Я чувствую на себе пристальный взгляд Барбары; ей интересно, как я отреагирую на все эти откровения. Я никак не реагирую. Внутренний голос мне подсказывает, что это любимые девчачьи разговоры, особенно характерные для девчонок вроде сестер Беррилл, которые теперь, когда отец ушел на фронт, совсем отбились от рук. Перед моими глазами всплывает фотография в серебряной рамке: тетя Ди с дядей Питером, у дяди Питера на нагрудном кармане кителя видны «крылышки». Коснувшись крепкой серебряной рамки, рассказанная Барбарой басня тут же бесследно лопается, как мыльный пузырь, разве только на пальцах слегка ощущается противный слизистый налет.

– А ты снова весь склизкий, – замечает Барбара. – Не знал, что ли, что у всех бывают дружки и подружки?

– Вот еще, конечно, знал.

Она хохочет, ее смеющееся лицо совсем рядом с моим. Я ощущаю под пальцами противный вязкий налет. Икс – это поцелуй. Пройдя тоннель, мать Кита кладет в секретный ящик поцелуй, который там потом найдет мистер Икс, дружок тети Ди…

– Да это только пока мистер Трейси служит в военно-воздушных силах. Дидре говорит, что теперь, когда все папы ушли на фронт, у очень многих дам завелись дружки.

– Барбара! – раздается вдруг голос миссис Беррилл. – Ты где? Если ровно через минуту не явишься домой…

– У мамы тоже есть дружок, – шепчет Барбара мне в самое ухо. – Дидре нашла его карточку в маминой сумке. Он уполномоченный по гражданской обороне.

– Барбара! Я второй раз повторять не стану!..

Барбара уже ползет под кустами прочь, ее кошелек волочится по земле. Вдруг она замирает и оборачивается ко мне. Явно хочет что-то сказать, но вдруг робеет.

– Моя самая-пресамая лучшая подруга – Розмари Уинтерс, у них миссис Колли учительница, – наконец сообщает она. – А ты, если хочешь, можешь стать моим просто лучшим другом.

После ее ухода я сижу как истукан в полном обалдении, а накатившая следом волна стыда лишает меня последних сил. Я предал Кита. Я впустил в наше тайное укрытие постороннего, и кого? Барбару Беррилл! Как наблюдатель я тоже не выполнил своих обязанностей. И вдобавок позволил себе слушать гнусные измышления про мать Кита – что она будто бы достает на черном рынке ветчину и сливочное масло, что она будто бы причастна к запретным и позорным делишкам, связанным с персями и дружками. Я позволил себе на миг усомниться в том, что она – немецкая шпионка.

А тем временем она, снова вынырнув из-за угла, направляется сюда… входит в калитку тети Ди… подойдя к дому, легонько стучит в окно гостиной. Тут же открывается входная дверь, на пороге стоит тетя Ди.

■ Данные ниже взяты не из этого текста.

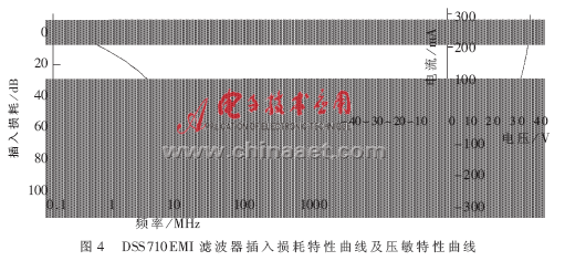 针对模拟信号的抗干扰,也采用同类EMI滤波器,只是在选择截止频率时保证大于信号的带宽。考虑由近场对公共线路所带来的冲击浪涌干扰,选用带铁氧体磁珠的三引线圆片压敏—电容器型EMI滤波器DSS710系列,图4为其对电磁干扰的抑制特性和压敏特性。压敏电压22V,电容量可达22000pF,加上铁氧体磁珠的作用,其对电磁干扰的抑制频率可以降低到3MHz以上,衰减大于20dB,且抑制频率范围明显展宽。此类滤波器用于系统各种电源通道中。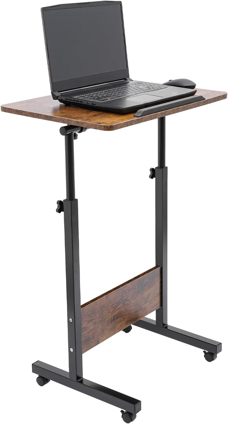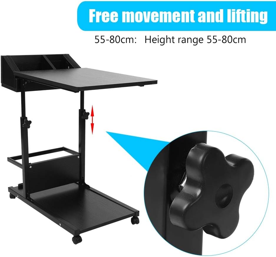 Lifting Computer Desk Standing Adjustable Height Mobile Desk with 4-Wheel,Portable Rolling Laptop Desk Foldable Workstation Bedside Table Couch Desk for Living Room Bedroom Home Office,Black B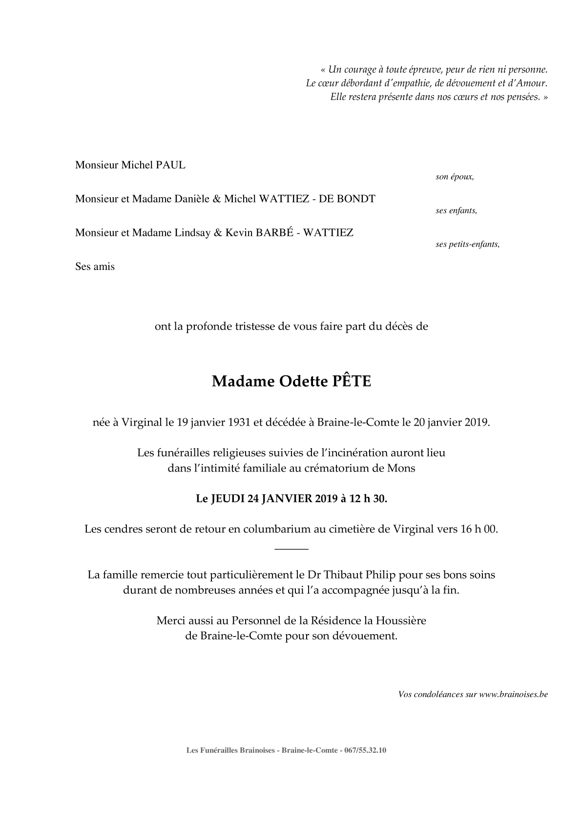 Décédée à Braine-le-Comte (7090) le dimanche 20 janvier 2019 à l'âge de 88 ans

Мать Кита вручает ей корзину. Опять ходила за покупками для тети Ди. А магазины-то все закрыты.

Тетя Ди шарит в корзине. Ищет записку от своего дружка, которую принесла ей сестра…

Нет, на самом деле, конечно, ничего такого не происходит. Я вспоминаю дружелюбную, открытую улыбку тети Ди. Человек, который так улыбается, не способен что-то таить от окружающих. Я вспоминаю, с какой доверчивостью улыбается жене дядя Питер с фотографии в серебряной рамке, что стоит у тети Ди на каминной полке.

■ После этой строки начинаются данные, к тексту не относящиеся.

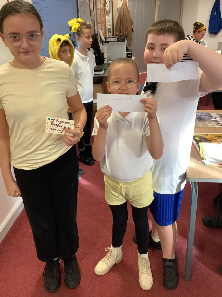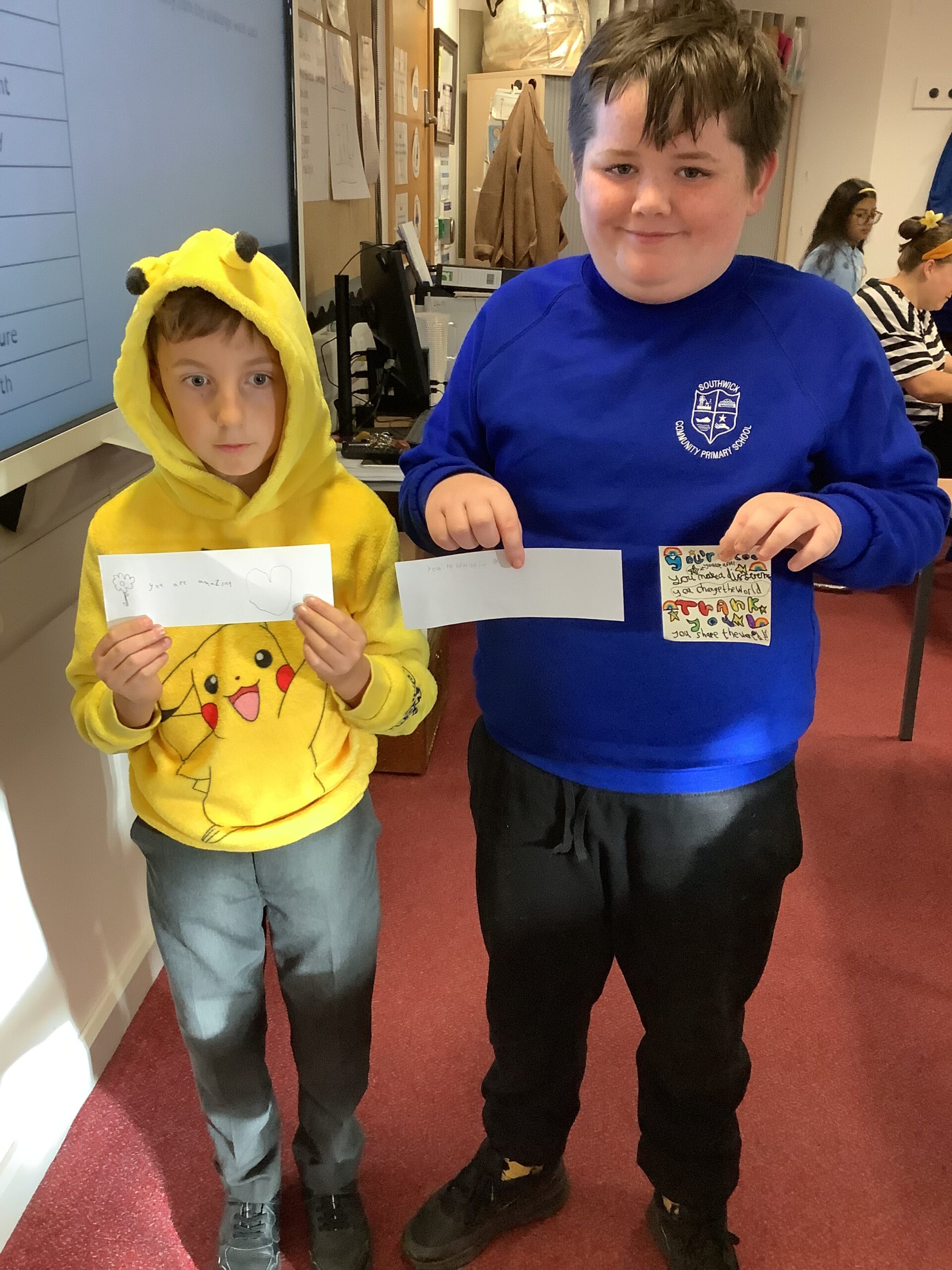 Year 5 wrote compliments for year 6 and made their day when we handed them out!

Сейчас она не улыбается. Нервно теребит губу. Но на мать Кита смотрит доверчиво и с надеждой, в точности как та девчушка с куклой на другом снимке смотрит на свою старшую сестру, которая всегда будет ее защищать.

Сестры… Да. Интересно, что эти сестры, стоя на крыльце, так сосредоточенно обсуждают? Небось то же самое, чем делятся друг с другом Дидре и Барбара. Секреты… Про поцелуи в кромешном мраке затемнения…

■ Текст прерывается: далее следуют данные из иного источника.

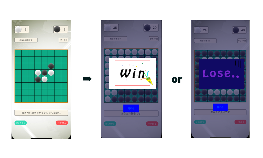 リバーシ k_shun OVERVIEW Swiftの学習のために作成 YEAR 2020 <概要> Swiftの学習のため何かアプリを作ろうと思い作成。以前、Line Botでリバーシを作ったので、それを元に作成しました。効果音はGarageBandで作成石、ロゴはphotoshopで作成盤面はCollectionViewで再現盤面の情報はcore dataの保存<画面>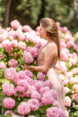 Fototapeta premium Hydrangeas Happy woman in pink dress amid hydrangeas. Large pink hydrangea...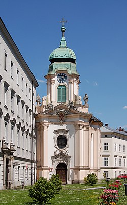 Raymund Ferdinand von Rabatta, Bischof von Passau, erteilte 1718 die Bewilligung zur Errichtung einer Hauskapelle. Die Pläne hierfür entwarf Johann Lucas von Hildebrandt, zur Ausführung kamen sie unter Stadtbaumeister Prunner.[1] Die Marmorarbeiten und der Dachstuhl wurden vom Salzburger Hofbauamt gefertigt. Nach der Grundsteinlegung am 18. Mai 1718 erreichte der Rohbau noch im selben Jahr die Traufenhöhe. 1719 erfolgte die Errichtung des Dachstuhls und des Hauptportals, 1720 wurden die Gewölbe eingezogen. Die Innengestaltung wurde 1721 begonnen, die Turmkreuzsteckung erfolgte am 25. Juli 1721. Nach der Fertigstellung der Innenraumgestaltung wurde die Kirche 3. Juni 1725 vom Passauer Bischof Joseph Dominikus von Lamberg geweiht.

Мать Кита поворачивается и идет к калитке. Выглядит она совершенно как всегда: сдержанная, спокойная, абсолютно невозмутимая. Стоя на пороге, тетя Ди смотрит ей вслед. А ведь тетя Ди неуловимо переменилась. В конце концов, и у нее появились секреты.

Тетя Ди закрывает за собой входную дверь. Спустя несколько мгновений мать Кита закрывает свою. Занавес опять опустился.


«Семнадцать ноль-ноль. Снова входит».

На следующий день я опять сижу на посту, на коленях – раскрытый журнал. Держа наготове двуцветный карандаш, я мучительно припоминаю, куда же это мать Кита вошла в семнадцать ноль-ноль, но тут внимание мое привлекает какое-то движение в саду у Хейуардов.

В который раз повторяется та же сцена: мать Кита выходит из калитки, на руке у нее корзина. Опять идет к тете Ди шептаться про ихние секреты… А вот и нет: она проходит мимо дома тети Ди… Не то чтобы я хоть на минуту поверил дурацким россказням Барбары Беррилл, и все же…

Мать Кита вот-вот дойдет до угла, и я понимаю: сейчас у меня другого выхода нет, я обязан пойти за ней. По тоннелю. Один.

Не представляя, откуда мне набраться на это храбрости, я тем не менее уже поспешно ползу из-под кустов на улицу, бегу к углу, сворачиваю к тоннелю…

А она опять испарилась. Извилистая тропа, что сквозь наступающую с обочин поросль ведет к тоннелю, абсолютно пуста; так же пуста была уходящая влево улица всякий раз, когда мать Кита исчезала из виду. Знакомый холодок бежит у меня по телу.

Внезапно за спиной раздается негромкий шорох и чавканье влажной земли под ногами. Я оборачиваюсь, как ужаленный. Вон она, почти на углу, сбрасывает со старой газеты объедки в бак для свиней и внимательно смотрит на меня. Выпускает из рук крышку, и бак с лязгом захлопывается.

– Здравствуй, Стивен, – говорит она и улыбается. – Кита разыскиваешь?

Ага, она слева. А есть еще и правая сторона. Плюс баки для свиней. Ну, все ясно.

Ничего не соображая, я отрицательно мотаю головой.

– Но ты ведь явно кого-то ищешь.

– Нет.

– Случайно не меня ли, а, Стивен?

– Нет, что вы.

Остается спасаться бегством; чтобы скрыть смущение, я снова поспешно лезу в кусты. Она поворачивает назад к дому и, проходя мимо моего укрытия, смотрит в мою сторону. Непонятно, откуда она знает, что я сижу тут и наблюдаю за ней, ведь о нашем тайнике вроде бы никому не известно; однако же знает. Спустя десять минут она вновь выходит из своей калитки на улицу, но на этот раз у меня точно не хватит духу следовать за ней.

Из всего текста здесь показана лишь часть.